▶ _Exercise directions_
The listing below begins with the first line you should copy; stop after the line containing "Presenta un esquema", and drop every picture.

▶ _Records for processing_
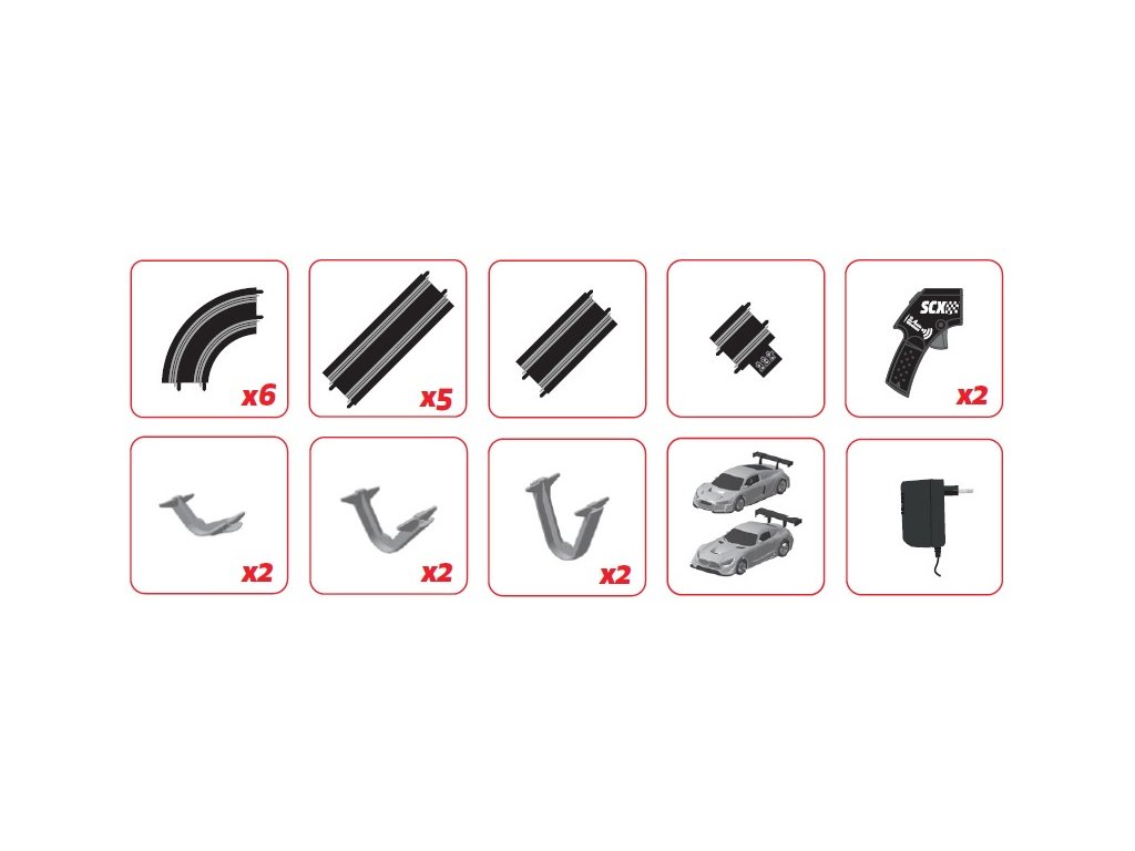Balení obsahuje traťové díly, most, 2x dráhové autíčko, 2x ovladač a napájecí zdroj.
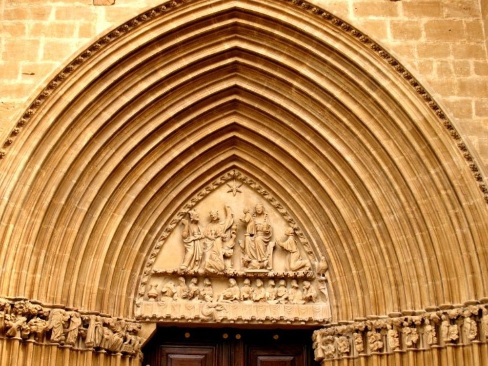 Presenta un esquema apuntado y abocinado de diez arquivoltas todo ello ricamente ornamentado. Destaca el tímpano central en el que vemos representadas la Última Cena y la Adoración de los Reyes Magos, ambas escenas de gran dinamismo.
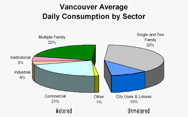 In 2003, Vancouver consumed 133 million cubic metres of water, or one third of the volume supplied by the GVWD. (See Appendix B for a breakdown of water use in Vancouver by sector). Vancouver's population is still increasing but at a much reduced rate in comparison to other municipalities in the region. Furthermore, unlike the rest of the region, Vancouver's number of single-family and duplex housing units is declining, with almost 61% of the residential buildings having three units or greater. This trend has implications for water consumption as per capita outdoor use declines and summer peak demands are reduced.
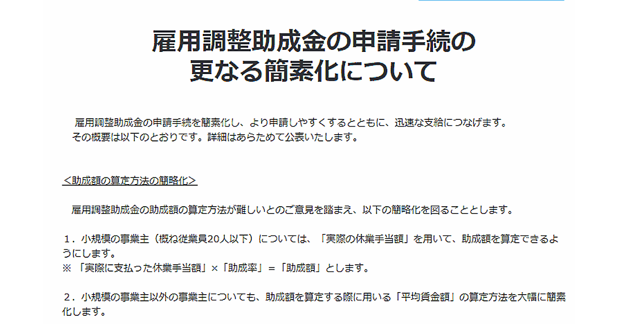 厚生労働省は5月6日、雇用調整助成金の迅速な支給を行うため、申請手続きをさらに簡素化すると発表した。
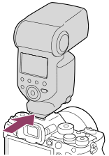 Voor meer informatie over de flitser raadpleegt u de gebruiksaanwijzing van de flitser.- Bevestig de flitser (los verkrijgbaar) op het apparaat.

▶ _Task response_
Balení obsahuje traťové díly, most, 2x dráhové autíčko, 2x ovladač a napájecí zdroj.
 Presenta un esquema apuntado y abocinado de diez arquivoltas todo ello ricamente ornamentado. Destaca el tímpano central en el que vemos representadas la Última Cena y la Adoración de los Reyes Magos, ambas escenas de gran dinamismo.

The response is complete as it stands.